且不说裕王前段时间才搞了一出自己给自己办丧事的荒唐事,眼下再说这些话,众人无不担心,生怕他一发脾气,又干出什么糊涂事来。
谢妃也在一旁苦口婆心的劝谏。
“殿下,陛下已然说了,您若有何苦衷,陛下都会为您做主,您说这话,又是何苦呢?”
齐危却是不语,成熙帝抬手示意,一后一妃行过礼,纷纷退出了殿内。
待人走后,他亲昵的拍了拍齐危的肩膀,一如幼时齐危与齐翊祯闹别扭,跑来寻他撒娇评理时那般。
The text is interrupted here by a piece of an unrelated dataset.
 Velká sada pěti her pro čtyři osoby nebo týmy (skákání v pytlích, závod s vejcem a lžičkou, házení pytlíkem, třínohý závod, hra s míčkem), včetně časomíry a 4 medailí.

“十六弟,若有什么委屈,现在可以告诉为兄了么,为兄替你做主。”
自进殿以来,一直惜字如金的齐危,这才愿意同成熙帝说上几句话。
“臣弟已然知道,赵焱想杀臣弟了。”
“不过是温宫令骑了臣弟的马,受了这无妄之灾,还连累了小九。”
“加之上次在京郊遇刺那回,若不是臣弟命大,恐怕早已命丧黄泉了。”
“臣弟想不明白了,臣弟如今不过是个寄情古玩的痨病王爷,为何这么多人想要臣弟的命。”
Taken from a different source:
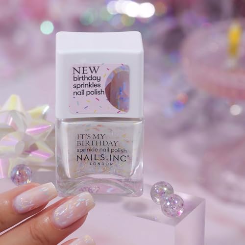 Nails Inc It’s My Birthday, Multicolor, Rainbow Sprinkles, Scented, Glossy, No Chip, Long Lasting, Quick Dry, Air Dry, Professional Manicures & Pedicures, Fingernail & Toenail, Nail Polish, 14 ML
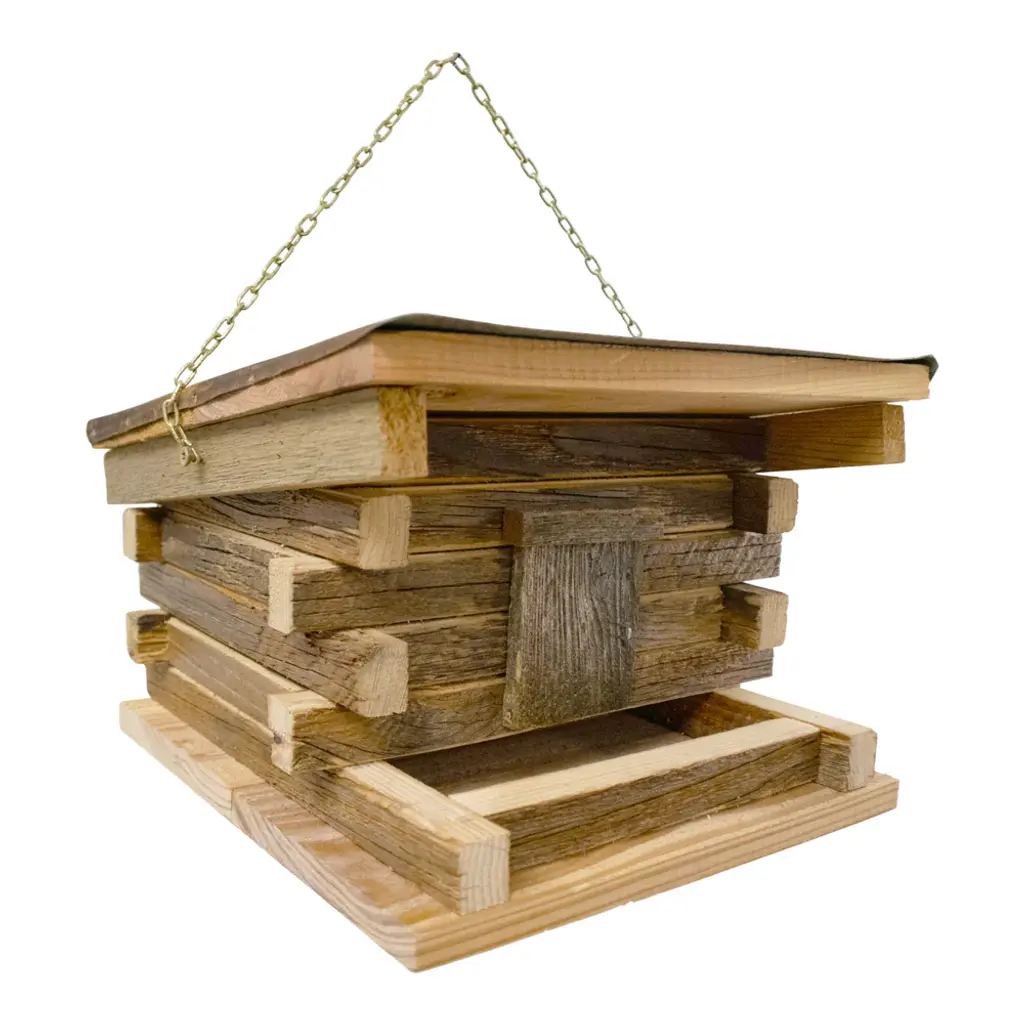 Invite feathered friends to feast in rustic style with our Franklin Log Cabin Hanging Bird Feeder. Expertly handcrafted from reclaimed wood, this feeder resembles a cozy log cabin with natural variations in color and texture that add unique character to every piece. The wide platform base provides ample space for birds to perch and dine, while the generous hopper holds plenty of seed to keep visitors coming back.A metal mesh roof offers protection from the elements, and the attached hanging chain makes it easy to display from a tree, shepherd’s hook, or porch beam.Made in the USA.

“反正臣弟这病是没几年好活了,皇兄不如现在就赐死臣弟,免得那些想要臣弟性命的人又继续动手,牵连无辜。”
他一口气说了一大通,无非是自己四处树敌,旧疾难愈,命不久矣。
说起齐危这旧疾,一代帝王的眼中竟闪过一丝几不可察的动容。
想起儿时的齐危是如何天资过人,惊才绝艳。又想起他是如何变成今日这般模样……罢了……终究…是欠他的。
“说什么气话。”
他打断齐危,神情严肃。
“赵茂肃教子无方,想打想杀,为兄都依你。”
“即日起,朕从麟甲卫中分一队亲卫与你,专门护你周全,日后谁若欺了你,你自可先斩后奏,如何?”
齐危闻言,下沉的嘴角这才缓和了两分,只是下巴仍扬着,一副桀骜难驯的模样。
成熙帝却知晓他这是不气了。
随一面揽着他的肩膀到案边坐下,一面道:
“好了,日后莫在说这样的气话了。我们十六弟,要长命百岁,千岁,万岁才好!”
如同坊间最平常的兄长哄幼弟那般,连天子才能用的“万岁”一词,成熙帝也丝毫不吝啬地用他祝愿齐危。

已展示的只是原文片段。